Data Analysis for Graduate Research – Workflows for Reproducibility

Data collection is only the start

Once the data are available from a study there are still a number of steps that must be undertaken to get them into shape for analysis.

One of the most misunderstood parts of the analysis process is the data preparation stage. To say that 70% of any analysis is spent on the data management stage is not an understatement.

Example workflow

Generating a reproducible workflows

Reproducibility is the ability for any researcher to take the same data set and run the same set of software program instructions as another researcher and achieve the same results.

Not the same as replicability where you re-run an experiment and achieve the same outcomes.

The goal is to create an exact record of what was done to a data set to produce a specific result.

Three steps to achieve reproducibility

The un-processed data are connected directly to software code file(s) that perform data preparation techniques.
The processed data are connected directly to other software code file(s) that perform the analyses.
All data and code files are self-contained such that they could be given to another researcher to execute the code commands on a separate computer and achieve the same results as the original author.

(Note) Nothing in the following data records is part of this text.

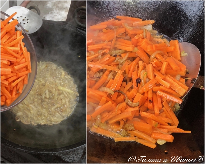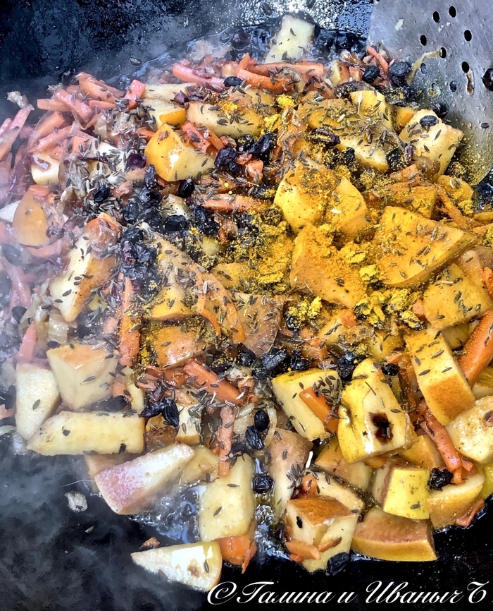 Соединяем мясо и томатно-овощную смесь в посуде, в которой будем тушить наше блюдо. Добавим воды (лучше использовать овощной или говяжий бульон), но, думаю, сильно не будет отличаться, потому, что в нашем блюде есть уже и говядина, и овощи. Тушим, с плотно накрытой крышкой (использовали фольгу - не нашлось крышки такого диаметра ), на слабом огне около 2 - 2,5 часов. Периодически проверяем на наличие жидкости в сковороде, при необходимости добавляем, что не пригорел томатно-овощной соус. К концу готовки соус должен выпариться в половину.
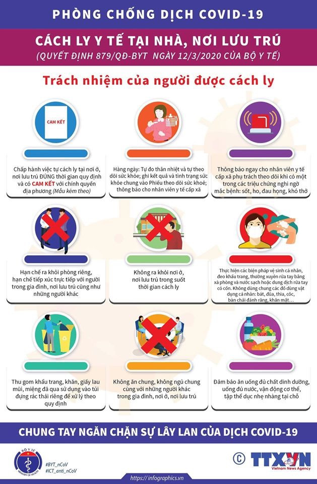 TPO - Bộ Y tế đã có những khuyến cáo chi tiết về việc cách ly tại nhà, ở nơi lưu trú, những việc đối tượng cách ly, gia đình và khu chung cư, nơi lưu trú của đối tượng cách ly cần biết để tuân thủ nghiêm ngặt nhằm phòng chống dịch Covid-19.
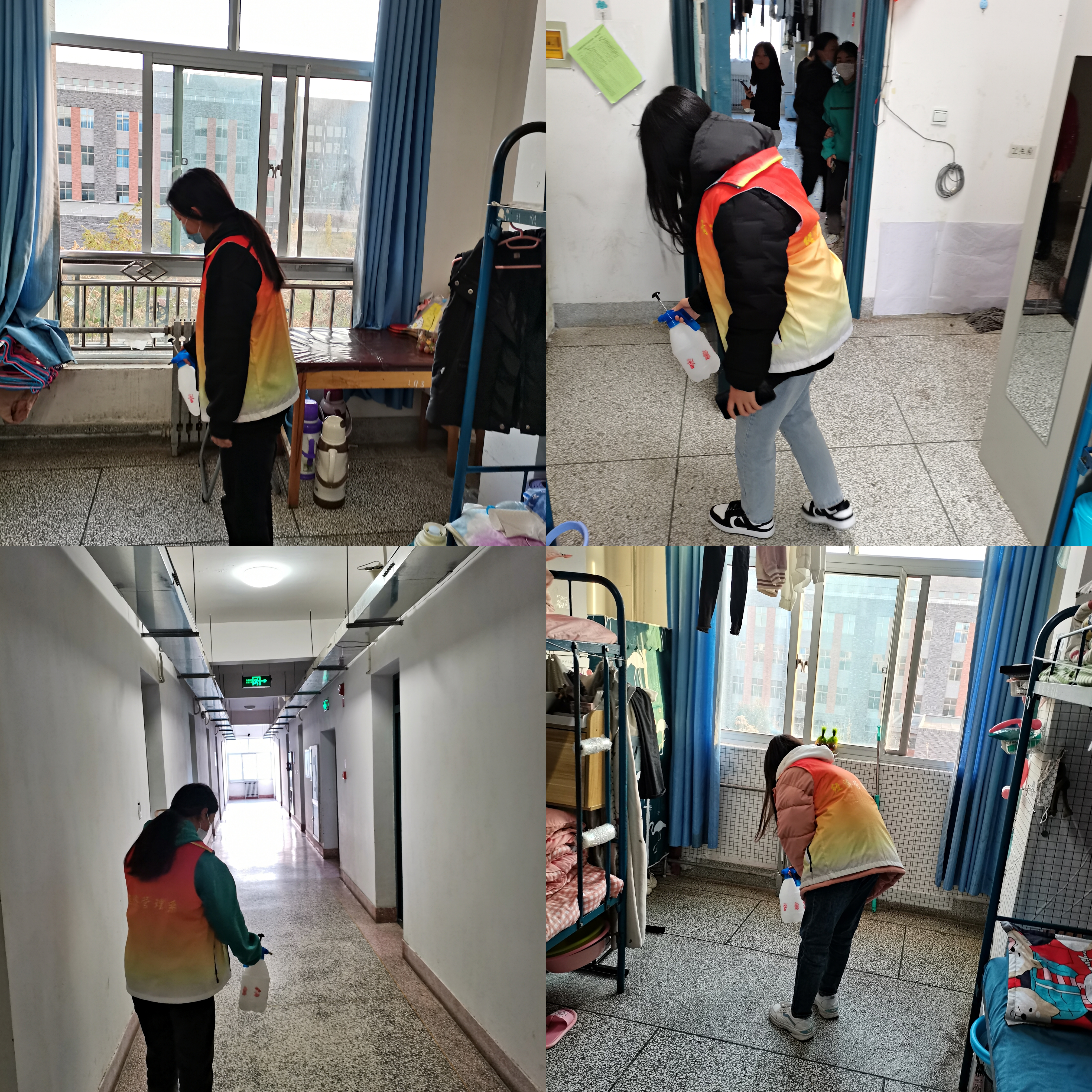 為切實抓好宿舍及公共區(qū)域防控消殺工作,營造安全舒適的學(xué)習(xí)生活環(huán)境,志愿者協(xié)會根據(jù)不同職能劃分為7個小組,按照“一天兩次”消殺頻率持續(xù)對經(jīng)緯樓、3號學(xué)生公寓等宿舍樓內(nèi)的學(xué)生宿舍進行通風(fēng)消毒工作,重點對宿舍地面、床底、門角處等位置進行全方位、多角度消毒,盡量做到消殺不留死角。同時,志愿者還通過網(wǎng)絡(luò)平臺學(xué)習(xí)疫情防控措施相關(guān)知識,并在消殺過程中為同學(xué)們普及疫情防控知識,全面加強宣傳引導(dǎo),幫助廣大師生在第一時間了解防疫資訊,有效杜絕謠言傳播,確保廣大師生情緒穩(wěn)定。

Figure Credits: Roger Peng

Literate programming

Explain the logic of the program or analysis process in a natural language,
Small code snippets included at each step act as a full set of instructions that can be executed to reproduce the result/analysis being discussed.
Literate programming tools such as Markdown and are integrated into all common statistical packages except SPSS.

Example Quarto Document

Reproducible Research + Literate Programming

Practicing reproducible research techniques using literate programming tools allows such major updates to be a simple matter of re-compiling all coded instructions using the updated data set.
The effort then is reduced to a careful review and update of any written results.
Using literate programming tools create formatted documents in a streamlined manner that is fully synchronized with the code itself.
The author writes the text explanations, interpretations, and code in the statistical software program itself, and the program will execute all commands and combine the text, code and output all together into a final dynamic document.

Why all the fuss?

You are your own collaborator 6 months from now. Be nice to your future self
Explain your steps (the WHY more than the what)
- How did you get from point A to B?
- Why did you recode this variable in this manner?
Found an error in your analysis code? Need to add an analysis to your presentation?
Reproduce your steps in a few clicks using a script file (.R, .Rmd, .sas, .sps, .do, .ipynb)

Data Analysis Pipeline

A line diagram of figure 1.1 from the book R for Data science — In this model of the data science process, you start with data import and tidying. Next, you understand your data with an iterative cycle of transforming, visualizing, and modeling. You finish the process by communicating your results to other humans. Ref R for Data Science 2nd ed

Regardless of the programming language you choose to use, using scripts will make this process reproducible and more powerful with less pain points.

Quarto as an end-to-end solution

https://quarto.org/
Supports R, Python, Observable and Julia
“Next Generation” R Markdown files
Publish reproducible, production quality articles, presentations, dashboards, websites, blogs, and books in HTML, PDF, MS Word, ePub, and more.
Write using Pandoc markdown, including equations, citations, crossrefs, figure panels, callouts, advanced layout, and more.